The average of the within-group variances reflects the random, i.e., that part of the variation that occurred under the influence of all other factors, with the exception of the grouping factor. It is calculated by the formula:

It characterizes the systematic variation of the resulting trait, which is due to the influence of the trait-factor underlying the grouping. It is equal to the mean square of the deviations of the group means from the overall mean. Intergroup variance is calculated by the formula:

Variance addition rule in statistics

According to variance addition rule the total variance is equal to the sum of the average of the intragroup and intergroup variances:

The meaning of this rule is that the total variance that occurs under the influence of all factors is equal to the sum of the variances that arise under the influence of all other factors and the variance that arises due to the grouping factor.

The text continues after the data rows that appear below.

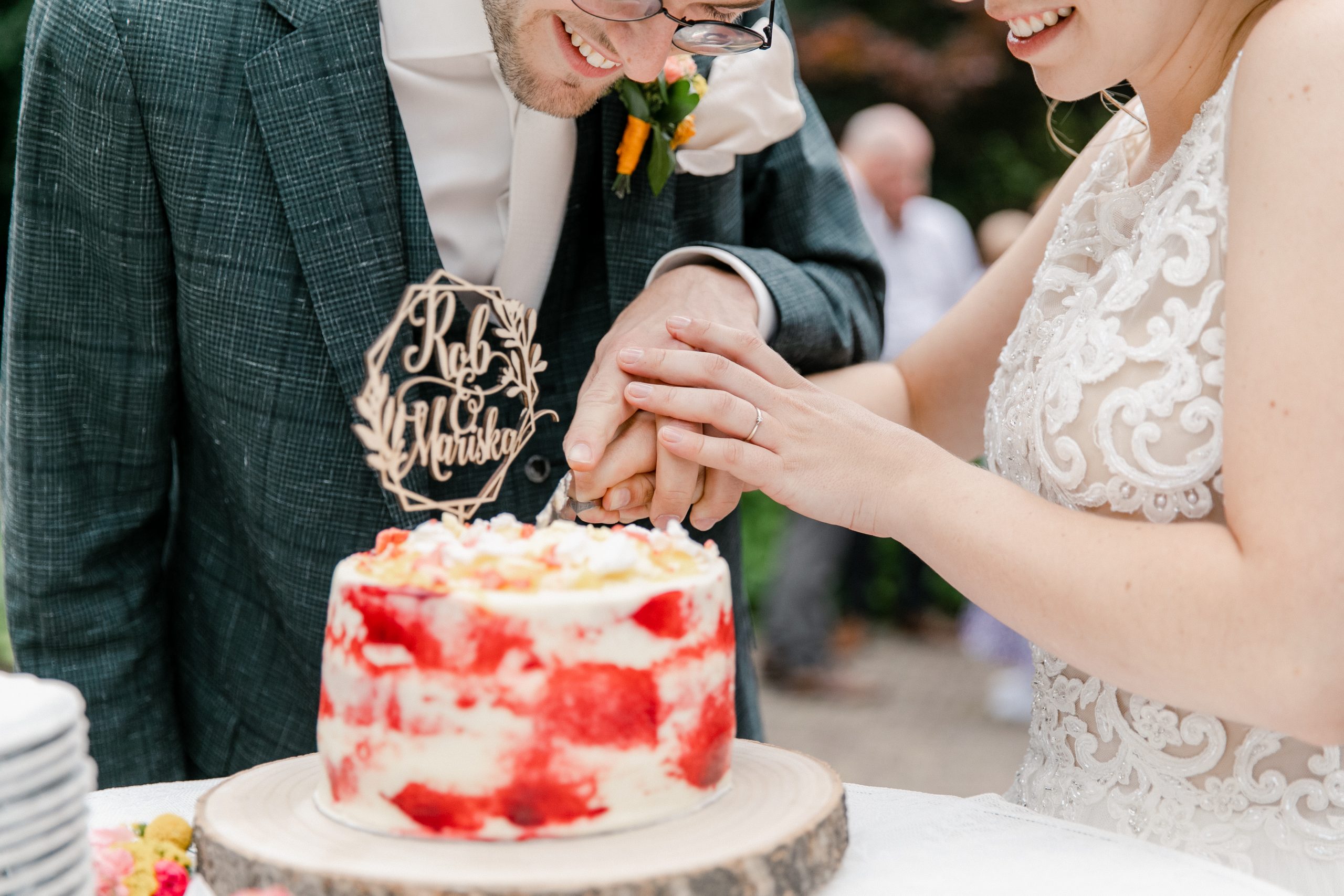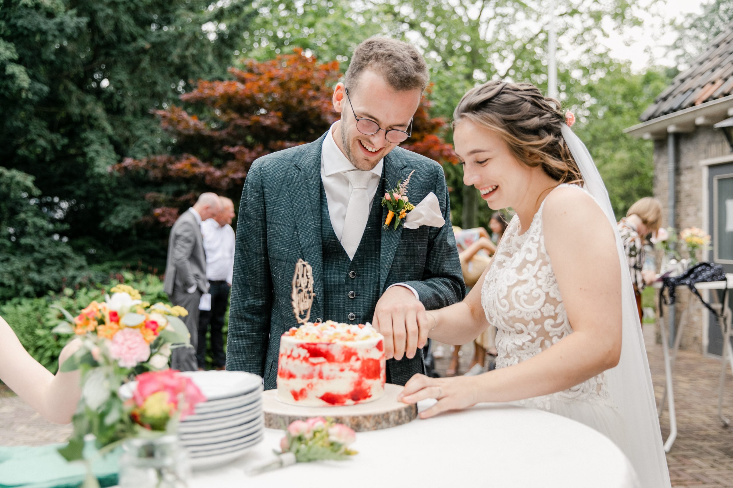 Als ik, Mariska, cupcakes bak voor andermans bruiloft, kan natuurlijk onze eigen bruiloft niet achter blijven. Zo maakte ik voor elke gast een heerlijke cupcake in verschillende smaken. Zo kon iedereen zelf kiezen wat hij of zij lekker vond. En wat stond het leuk op tafel! Zelf sneden we ‘ook’ nog een bruidstaart aan ![]()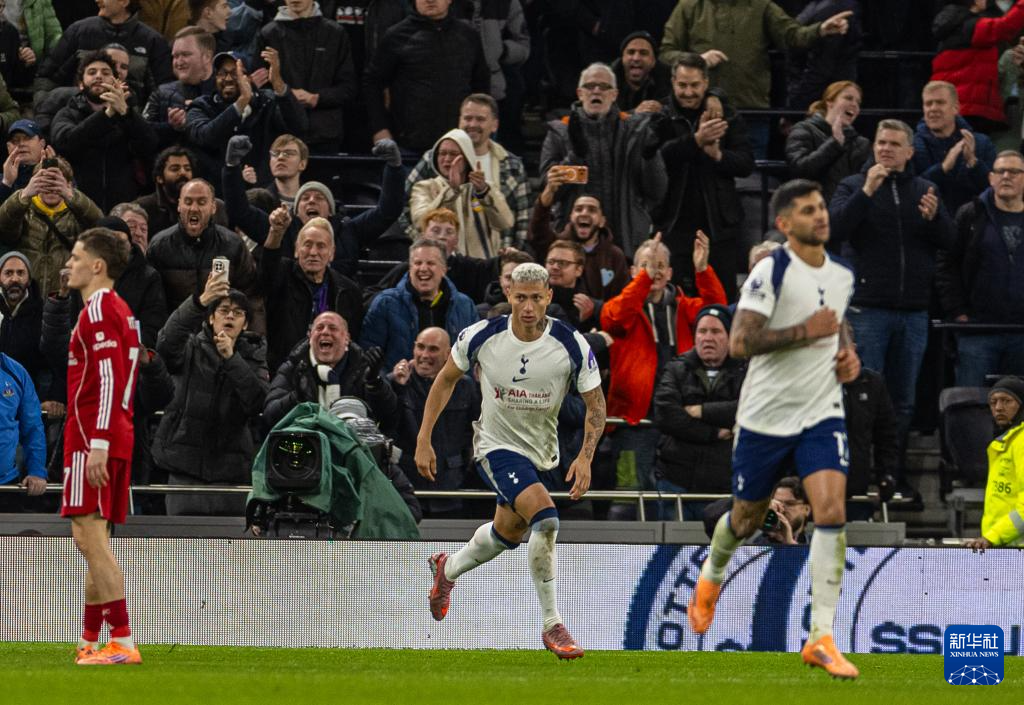 12月20日,热刺队球员里沙利松(右三)在比赛中破门。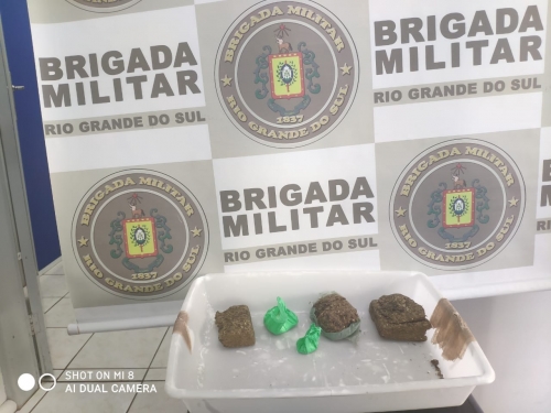 Ao verificar foi constatado e apreendido um invólucro contendo maconha pesando 387,28 gramas e outras duas embalagem contendo cocaína pesando 49,94 gramas.

Using the formula for adding variances, it is possible to determine the third unknown from two known variances, and also to judge the strength of the influence of the grouping attribute.

Dispersion Properties

1. If all the values ​​of the attribute are reduced (increased) by the same constant value, then the variance will not change from this.
2. If all the values ​​of the attribute are reduced (increased) by the same number of times n, then the variance will accordingly decrease (increase) by n^2 times.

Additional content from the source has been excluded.